Jeff King <> writes:

> I like the general idea, but I'm not sure how this would interact with
> the tests in t0000 that test the test suite.

I tried but gave up adding a new test for this to t0000 ;-)

>>  test_expect_failure () {
>> +    if test "$test_in_progress" = 1
>> +    then
>> +            error "bug in the test script: did you mean test_must_fail 
>> instead of test_expect_failure?"
>> +    fi
> This follows existing practice for things like the &&-lint-checker, and
> bails out on the whole test script.

Yes, you guessed correctly where the above came from.

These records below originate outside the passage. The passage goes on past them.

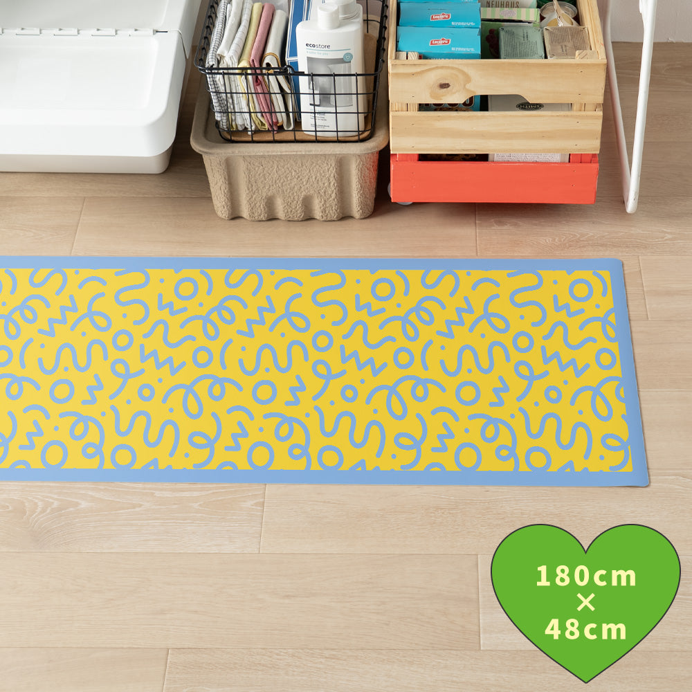 拭けるキッチンマット 「Sheete me ! (シーテミー)」 48cm×180cm WIGGLE WAVE サニーシャワー What's poppin?
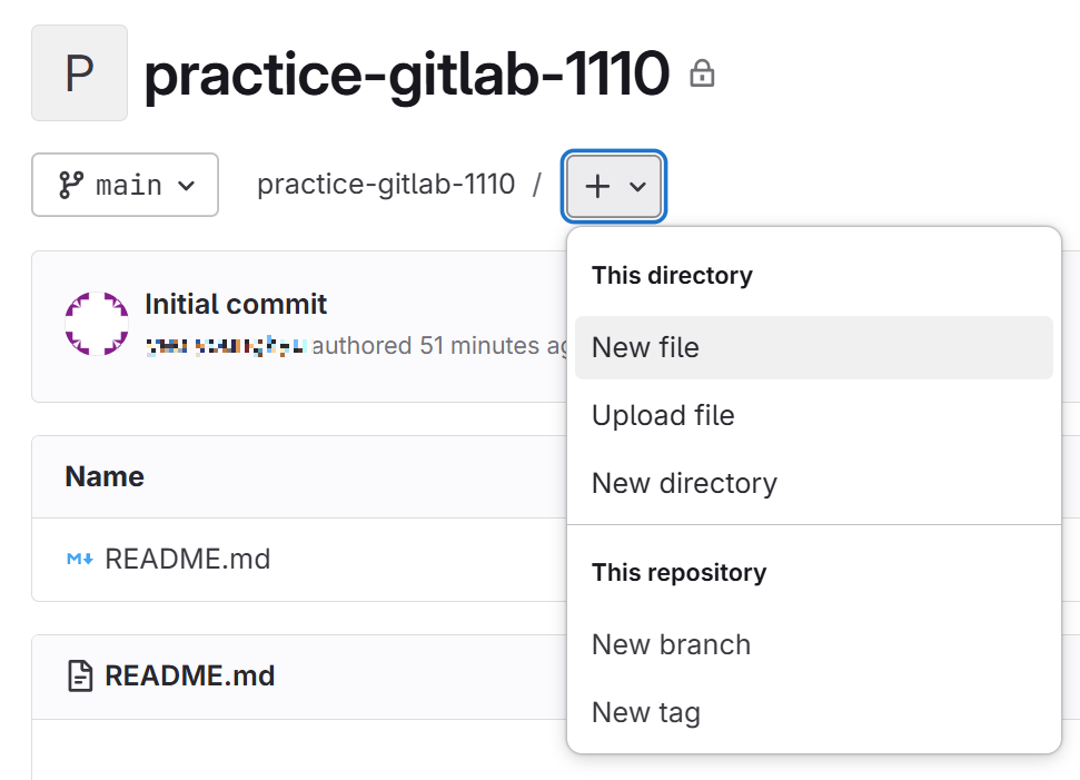콘솔에서 main 브랜치의 + 버튼을 눌러 New file을 선택합니다.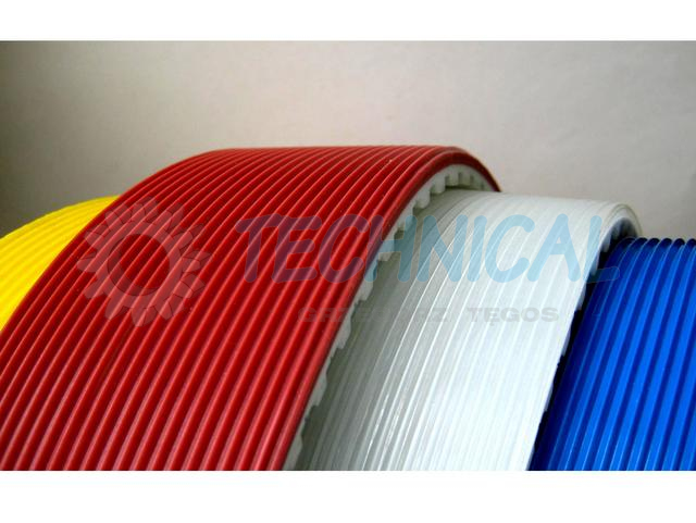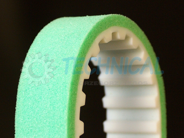 Pas zębaty z sylomerem - spienionym pu może być o różnych twardościach spienienie i z różnymi kolorami pokrycia.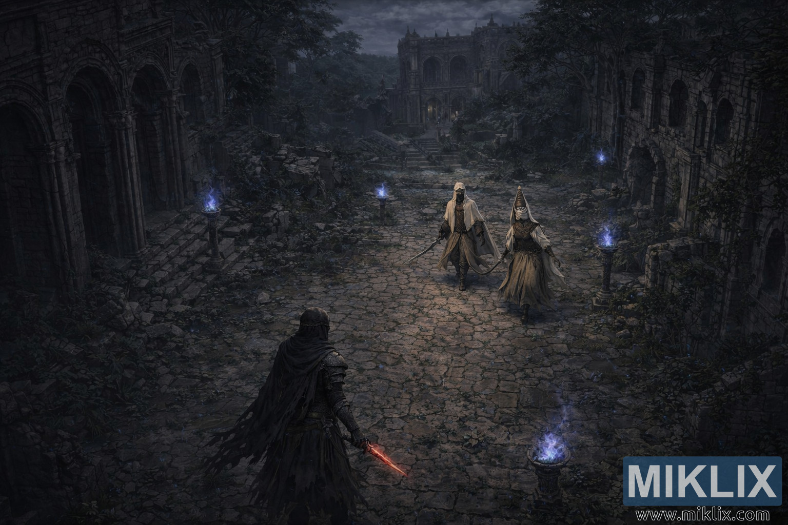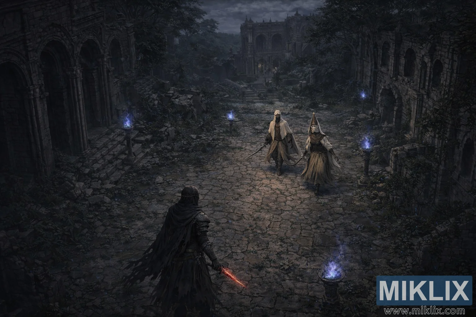 The environment dominates the scene. On both sides of the street, ruined buildings lean inward, their arches shattered, their windows dark hollows staring into nothingness. Ivy and creeping vegetation reclaim the stone, climbing over collapsed walls and fallen stairways. A line of stone braziers runs along the path, each crowned with spectral blue flame that flickers weakly in the night breeze. These ghost lights scatter reflections across damp stones and send long shadows stretching toward the center of the road, visually binding the Tarnished and the Nox warriors in a single field of tension.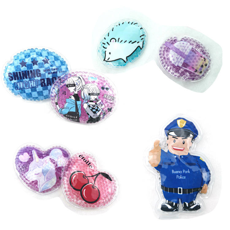 Bolsas de hielo suaves reutilizables de dibujos animados de alta calidad OEM, bonitas bolsas de hielo de gel frío y caliente para niños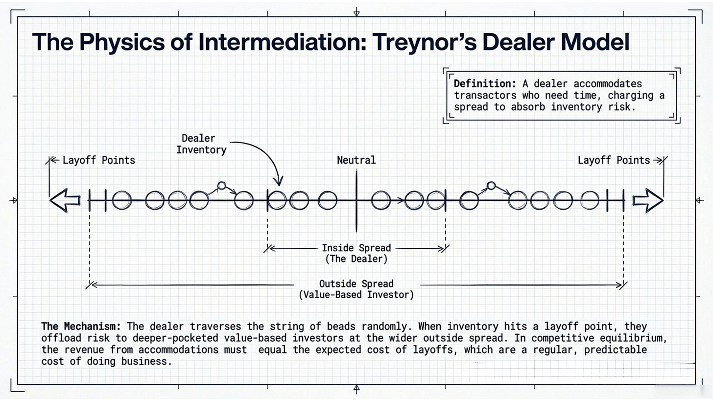 In 1987, Jack Treynor published a deceptively simple model of how financial markets actually work. The core idea: a dealer is someone who accommodates transactors to whom time is important, in exchange for charging buyers a higher price than he pays sellers. The dealer carries inventory — absorbing selling pressure by going long, absorbing buying pressure by going short — and earns the spread between his bid and ask for this service.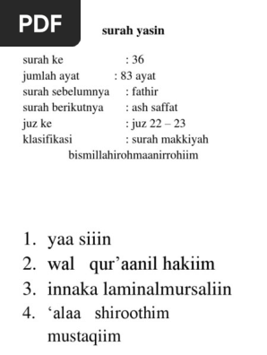 Wasiat ke 2 wasiat untuk anaknya menjelang kematian wasiat ke 3 menghindari maksiat kepada allah wasiat ke 4 ihwal prasangka baik kepada tuhan wasiat ke 5. Yakoblabel and publisher by cv. Kecuali ayat 45 yang merupakan madaniyah. 17 keistimewaan surat yasin yang luar biasa. Google has many special features to help you find exactly what you're looking for. 2 so give them good news of forgiveness and an honourable reward. Surat ini diturunkan di kota mekkah, disebut sebagai surat makkiyah. Di dalam al quran ini adalah hal yang wajar, karena pembagian juz ditentukan oleh panjang pendeknya ayat, bukan oleh surat. Berikut ini surat yasin arab dan terjemah bahasa indonesia: Contoh isim mudzakkar di dalam al quran. 83 ayat, lengkap tulisan latin, tulisan arab, dan terjemahan dalam bahasa indonesia. Surat yasin ada di juz 22 dan 23. Ia diturunkan sesudah surat al jin.
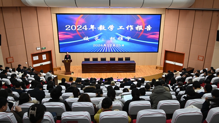 權(quán)雅寧作2024年教學(xué)工作報(bào)告,全面回顧總結(jié)了我校2024年教育教學(xué)工作成就,深入分析了學(xué)校教育教學(xué)工作面臨的形勢(shì)和挑戰(zhàn),圍繞推進(jìn)“三全育人”、做好本科教育教學(xué)審核評(píng)估整改、深化教育教學(xué)改革、數(shù)字賦能課堂創(chuàng)新、加強(qiáng)校園文化建設(shè)5個(gè)方面對(duì)2025年教育教學(xué)工作作了安排部署。她強(qiáng)調(diào),學(xué)校需要立足新發(fā)展階段、深化教育教學(xué)改革,從數(shù)量的擴(kuò)張轉(zhuǎn)變?yōu)橘|(zhì)量的有效提升,走內(nèi)涵式發(fā)展道路。要協(xié)同創(chuàng)新構(gòu)建“三全育人”新格局,培養(yǎng)高素質(zhì)應(yīng)用型人才。要強(qiáng)化服務(wù)導(dǎo)向,有效提升教育對(duì)高質(zhì)量發(fā)展的支撐力、貢獻(xiàn)力。要科學(xué)謀劃、深化改革,持續(xù)推動(dòng)本科教育教學(xué)高質(zhì)量發(fā)展。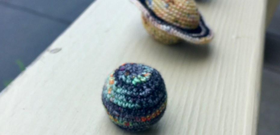 I attended a friend’s baby shower in Washington DC this past weekend, and I made a solar system garland for their nursery. I used the Hedgehog Fibres sock minis that I bought on my trip to Do Ewe Knit? in New Jersey.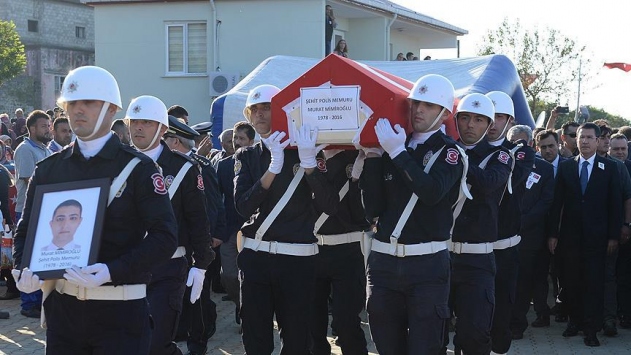 Kilis'e dün Suriye'den roket mermisi atılması sonrası patlamamış mühimmatın imhası sırasında şehit düşen polis memuru Murat Mimiroğlu'nun cenazesi, Giresun'da toprağa verildi.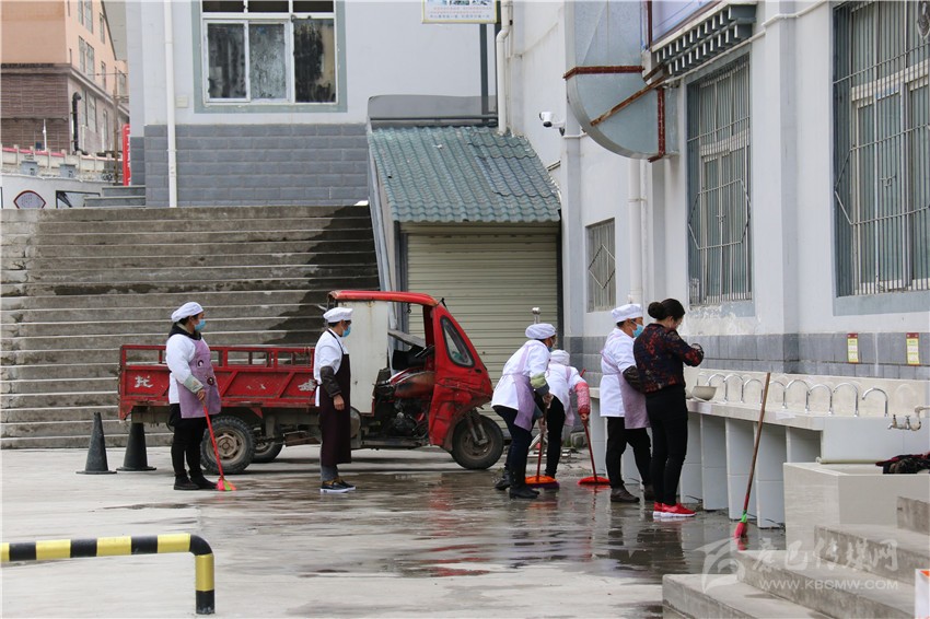 記者了解到,康定市民族中學實行半封閉式管理,走讀學生早上到校后,直到晚上放學才能出校門,午餐和晚餐都在學校就餐,學校食堂外也安裝了紅外線測溫儀。中午12點,原本是放學吃飯時間,該校初三學生沒有像往常一樣集中趕往食堂吃飯,而是由老師帶隊分批次、有組織的分散就餐,杜絕打堆吃飯,減少不必要的聚集。餐后,食堂工作人員又將食堂地板反復清掃,之后統(tǒng)一進行消毒。

> That sometimes makes it hard to find
> the problematic test, especially if you're running via something like
> "prove", because it doesn't make valid TAP output.

Yeah, true.

> It might be nicer if we just said "this test is malformed, and therefore
> fails", and then you get all the usual niceties for recording and
> finding the failed test.
> I don't think it would be robust enough to try to propagate the error up
> to the outer test_expect_success block (and anyway, you'd also want to
> know about it in a test_expect_failure block; it's a bug in the test,
> not a known breakage). But perhaps error() could dump some TAP-like
> output with a "virtual" failed test.
> Something like:
> ...
> which lets "make prove" collect the broken test number.
> It would perhaps need to cover the case when $test_count is "0"
> separately. I dunno. It would be nicer still if we could continue
> running other tests in the script, but I think it's impossible to
> robustly jump back to the outer script.
> These kinds of "bug in the test suite" are presumably rare enough that
> the niceties don't matter that much, but I trigger the &&-checker
> reasonably frequently (that and test_line_count, because I can never
> remember the correct invocation).
> Anyway. That's all orthogonal to your patch. I just wondered if we could
> do better, but AFAICT the right way to do better is to hook into
> error(), which means your patch would not have to care exactly how it
> fails.

Yeah, the change to error() may be a good thing to do, but it has
quite a many callers in t/*lib*.sh and definitely deserves to be a
separate patch, not tied to this single test.